Q.24 In R, which function from the Bioconductor package 'DESeq2' is used to normalize count data?

estimateSizeFactors

normalizeCounts

preprocessInput

scaleData

Explanation - estimateSizeFactors() calculates normalization factors for sequencing depth.

Correct answer is: estimateSizeFactors

Q.25 Which of the following best describes a 'single‑cell RNA‑seq' experiment?

Sequencing DNA from a single organism

Sequencing RNA from individual cells

Sequencing proteins in a bulk sample

Sequencing a single gene

Explanation - Single‑cell RNA‑seq captures transcriptomes at the resolution of single cells.

Correct answer is: Sequencing RNA from individual cells

Q.26 In Python, how do you open a file for reading?

open('file.txt', 'w')

open('file.txt', 'r')

open('file.txt', 'x')

open('file.txt', 'a')

Explanation - The 'r' mode opens a file for reading.

Correct answer is: open('file.txt', 'r')

Q.27 What does 'ORF' stand for in genetics?

Open Reading Frame

Oligonucleotide Receptor Factor

Overall Ribonucleotide Frequency

Optimized Reverse Function

Explanation - ORF refers to a continuous sequence of codons that could encode a protein.

Correct answer is: Open Reading Frame

Q.28 Which of the following is an example of a k‑mer?

AGTC

ATGCG

GATC

TAA

Explanation - A k‑mer is a substring of length k; AGTC is a 4‑mer.

Correct answer is: AGTC

Q.29 In a phylogenetic tree, what does a bootstrap value represent?

Confidence level of a branch

Number of species in the tree

Length of the branch

Mutation rate

Explanation - Bootstrap values estimate statistical support for tree branches.

Correct answer is: Confidence level of a branch

Q.30 Which command is used to extract reads mapped to chromosome 12 from a BAM file?

samtools view -h input.bam chr12 > chr12.bam

samtools index input.bam chr12

samtools filter -r 12 input.bam

samtools extract -c 12 input.bam

Explanation - The 'view' command with chromosome name selects reads from that region.

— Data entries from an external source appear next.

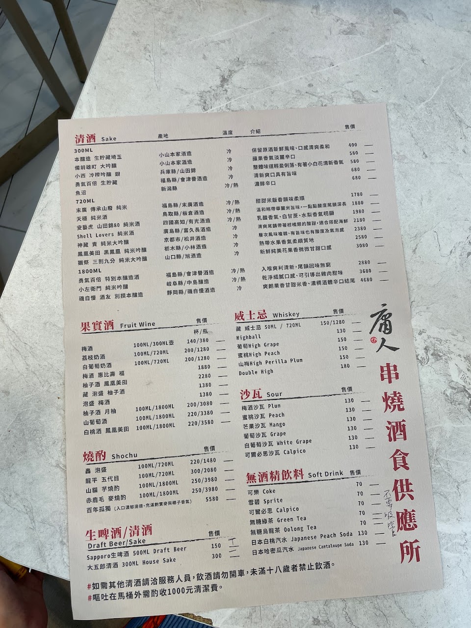 座位不擁擠很舒服的空間,食物正常發揮,很適合下酒。自備酒類開瓶費不貴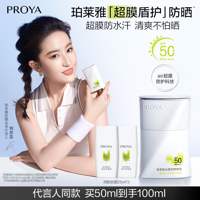 珀莱雅(PROYA)【刘亦菲同款】盾护防晒50ml 防水防汗 防晒霜军训专用 高倍防晒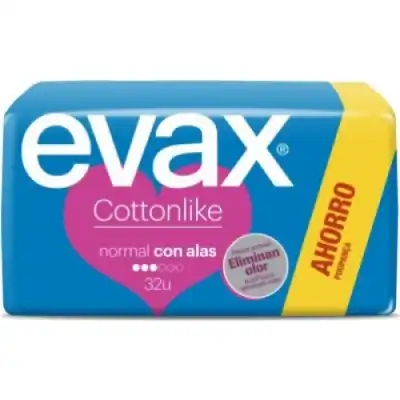 Pack de 32 unidades de compresas normal con alas Cottonlike de Evax. Ésta es la compresa con la que te sentirás más limpia, gracias a su exclusiva capa superior de tacto algodón cottonlike y a su núcleo súper absorbente que previene el olor. Las compresas con alas proporcionan una mayor sujeción y protección lateral de las braguitas. Ésta es la compresa idónea para los días de flujo normal.

Correct answer is: samtools view -h input.bam chr12 > chr12.bam

Q.31 What is the purpose of the 'gzip' command in a bioinformatics pipeline?

To create a backup archive

To compress files for storage

To decompress FASTQ files only

To convert text to binary

Explanation - gzip reduces file size, commonly used for large sequencing files.

Correct answer is: To compress files for storage

Q.32 Which of the following is NOT a type of variant called by GATK?

SNP

Insertion

Deletion

Chromosome translocation

Explanation - GATK detects SNPs, indels, but not structural variants like translocations.

Correct answer is: Chromosome translocation

Q.33 In Python, which library provides tools for working with genomic intervals?

Biopython

pandas

pysam

pybedtools

Explanation - pybedtools interfaces with BEDTools for genomic interval operations.

Correct answer is: pybedtools

Q.34 Which of these metrics is commonly used to assess clustering quality in unsupervised gene expression analysis?

Silhouette score

p-value

GC content

E-value

Explanation - Silhouette score measures how similar an object is to its own cluster compared to other clusters.

Correct answer is: Silhouette score

Q.35 What does the 'MAFFT' program primarily do?

Align multiple protein or nucleotide sequences

Perform phylogenetic tree reconstruction

Predict secondary structure

Cluster gene expression data

Explanation - MAFFT is a multiple sequence alignment tool.

Correct answer is: Align multiple protein or nucleotide sequences

Q.36 Which of the following best describes a 'contig' in genome assembly?

A single DNA fragment from a plasmid

An assembled sequence from overlapping reads

A region of low coverage

A gap between scaffolds

Explanation - Contigs are contiguous sequences assembled from overlapping reads.

Correct answer is: An assembled sequence from overlapping reads

Q.37 In R, what function from the 'ggplot2' package is used to create a scatter plot?

geom_bar()

geom_line()

geom_point()

geom_histogram()

Explanation - geom_point() plots points for scatter plots.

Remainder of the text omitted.